Harris blocked an extra point in a 17-16 LaGrange High School victory against Colquitt County in the 1991 AAAA state championship game, a win that led LaGrange High School to be named national champion by USA Today.

College career
Harris emerged as starter at Mississippi State University as a freshman at cornerback/free safety and played in ten games, including starts in the final three games.  As a sophomore, he earned All-SEC (second-team) honors and started every game.  That season, he tied the school seasonal record with six interceptions.  Harris was an Associated Press and Coaches First-team All-SEC while starting every game at cornerback as junior.  That season, he was ranked third in SEC and fifth in nation with six interceptions, led the team with 12 passes defensed, and recovered two fumbles and blocked two kicks.  As a senior, he had four interceptions and eight passes defensed, played in the Senior Bowl, and was selected First-team All-SEC.  Harris earned All-SEC honors in the final three seasons at Mississippi State.  As a four-year letterman, he shares the Mississippi State career interception record with Johnthan Banks at 16.

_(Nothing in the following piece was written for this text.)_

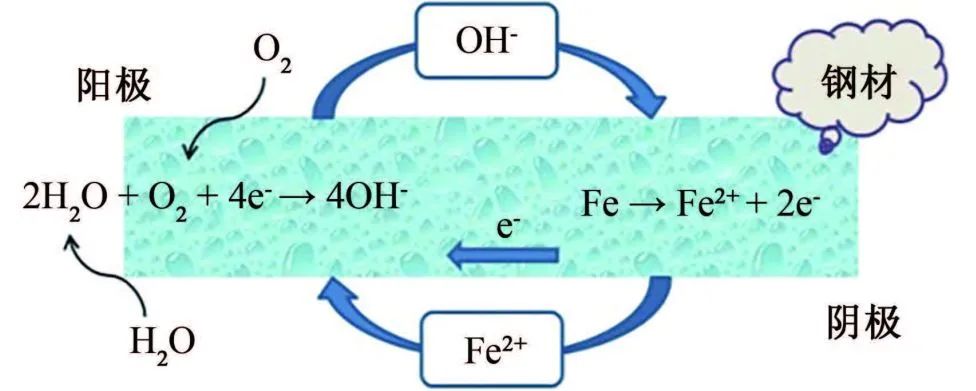 钢材的腐蚀机理如图1所示,腐蚀损伤程度与所处环境、材料类别和服役周期等因素密切相关。一般而言,构件焊接区域的腐蚀速率普遍大于母材区,该区域材料损伤累积导致工程结构体系的极限承载力降低;此外,与普通建筑钢材相比,高强钢特定的冶炼方式及轧制工艺不仅提高了材料的力学性能,并且明显改善了材料的耐蚀性。

In 2018, Harris and Art Davis were enshrined into Mississippi State football's "Ring of Honor" adding their names to the facade of Davis Wade Stadium. They joined former Bulldog greats Jack Cristil, Jackie Parker, Shorty McWilliams, D.D. Lewis, Kent Hull, Johnie Cooks, and Joe Fortunato.

Professional career

Chicago Bears
Harris was selected by the Chicago Bears in the first round (13th overall) in the 1996 NFL Draft.  In his rookie season, Harris made 13 starts and recorded a career-high 113 tackles along with two interceptions and two forced fumbles.  The following season, he started in all 16 games for the first time in his career and finished the season with 95 tackles and five interceptions.  By the time the 1998 season started, Harris was a firmly established member of the team and a consistent starter.  From the 1998 season until the end of the 2000 season, he started every game.  The 1998 season finished with 85 tackles and four interceptions.  In 1999, his fourth for the Bears, Harris made 71 tackles and one interception.  The 2000 season saw Harris make 58 tackles and two interceptions.  In 2001, his last for the Chicago Bears, Harris made 50 tackles and one interception.

Indianapolis Colts
Harris was signed by the Indianapolis Colts on March 18, 2002 as an unrestricted free agent.  In his first season with the Colts he started 15 games and made 43 tackles and two interceptions.  In his final year for the Colts, Harris made 55 tackles.

Washington Redskins
Harris was signed by the Washington Redskins as a free agent on March 18, 2004.  In his first season with the Redskins, he played in 16 games recording 21 tackles and two interceptions.  In 2005, his final year for the Redskins Harris finished the season with 57 tackles and one interception.

San Francisco 49ers
Harris was signed by the San Francisco 49ers as a free agent on March 15, 2006.  In his debut season with the 49ers, he made 60 tackles, one sack, a career-high eight interceptions, and a 42-yard interception for a touchdown. That earned him his first trip to the Pro Bowl.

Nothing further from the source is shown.